Strategy pulled ahead by aggressively accumulating nearly 80,000 BTC in 2026. While other institutions were waiting for clarity on the war and the Fed, Strategy was issuing preferred stock, raising billions, and converting every dollar into Bitcoin. The most recent purchase alone was 34,164 BTC for $2.54 billion, the company’s third-largest buy ever.
Why These Are Not the Same Thing
It is tempting to compare Strategy and IBIT side by side because they both hold Bitcoin. But that is a bit like comparing someone who owns a house outright to someone who bought five houses with borrowed money. The exposure is very different.
Strategy is an operating company that uses financial engineering, including at-the-market equity issuance, convertible debt, and perpetual preferred securities, to accumulate Bitcoin in a leveraged manner. IBIT, by contrast, is a spot ETF designed to passively track Bitcoin’s price, offering investors straightforward exposure without leverage or corporate risk.
If you buy IBIT, you know exactly what you are getting: Bitcoin exposure, no drama. The ETF holds Bitcoin and tracks the price. If Bitcoin goes up 10%, your investment goes up roughly 10%. Simple.
If you buy MSTR stock, you are getting something much more complex. You are getting Bitcoin exposure amplified by leverage, wrapped inside a company that has $1.12 billion in annual dividend obligations across multiple classes of preferred stock. When Bitcoin rallies, MSTR tends to rally harder. When Bitcoin drops, MSTR drops harder. That is the trade-off.
IBIT has gained around 55% since listing in January 2024, while Strategy has risen roughly 250%, driven by its leveraged structure. Of course, MSTR is also down 48% from its July 2025 peak, which is a much steeper fall than Bitcoin itself took over the same stretch.

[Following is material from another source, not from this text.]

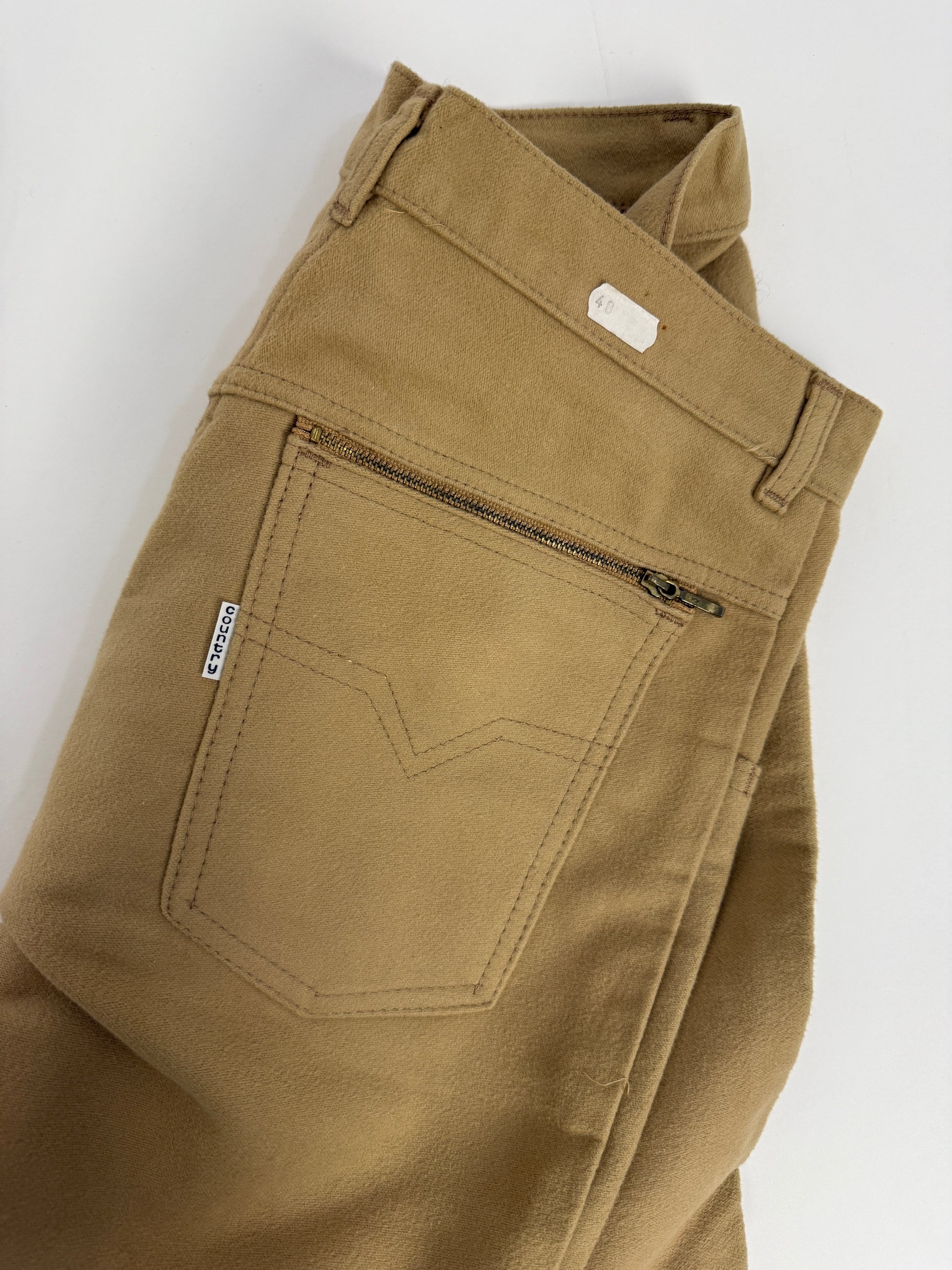 Realizzati in cotone pesante color cammello, hanno la struttura solida dei pantaloni da lavoro dell’epoca: vita alta, taglio dritto, cuciture rinforzate, tasche profonde e una splendida tasca posteriore con zip. Sono pantaloni che durano una vita, perfetti per chi apprezza il design funzionale, le linee pulite e il feeling “old school” del vero workwear italiano.

What This Tells Us About the Market
The real story is not about who holds more Bitcoin. It is about what Saylor did while everyone else was afraid. He bought 80,000 BTC during a war, a market crash, and the worst stretch for crypto sentiment since 2022. That is either conviction or recklessness, and the answer depends entirely on where Bitcoin goes from here.
This is the first time in the spot ETF era that a single corporate treasury owns more Bitcoin than IBIT. Strategy now controls approximately 3.88% of all Bitcoin that will ever be mined.
Nearly 4% of all Bitcoin that will ever exist, held by a single company. That kind of concentration has real effects on the market. Every Bitcoin that goes into Strategy’s treasury is one less Bitcoin available for everyone else. At the current pace, the company is buying more than ten times what miners produce each week.
“Strategy overtaking IBIT is a function of its equity issuance outpacing IBIT’s inflows, and both can reverse. IBIT had over $8 billion in net inflows in Q1 even as BTC fell roughly 20% over the quarter, so the demand for ETF exposure is intact.”
That is the part worth remembering. This lead could flip back in a matter of weeks if Bitcoin rallies and ETF inflows pick up. BlackRock is not going anywhere, and neither is demand for a simple, regulated Bitcoin product.
The Bet Underneath It All
Strategy still has over $46 billion in shares available for issuance across its various programmes. If Saylor keeps deploying that capital into Bitcoin, the lead over IBIT will only grow. But the economics only work if Bitcoin cooperates. The company needs Bitcoin to grow at least 2.05% per year to cover its dividend obligations. Anything above that, and the machine keeps running. Anything below that, and the same leverage that built this position starts working against it.
For now, a company most people had never heard of before 2020 holds more Bitcoin than BlackRock. That sentence still sounds absurd. It also happens to be true.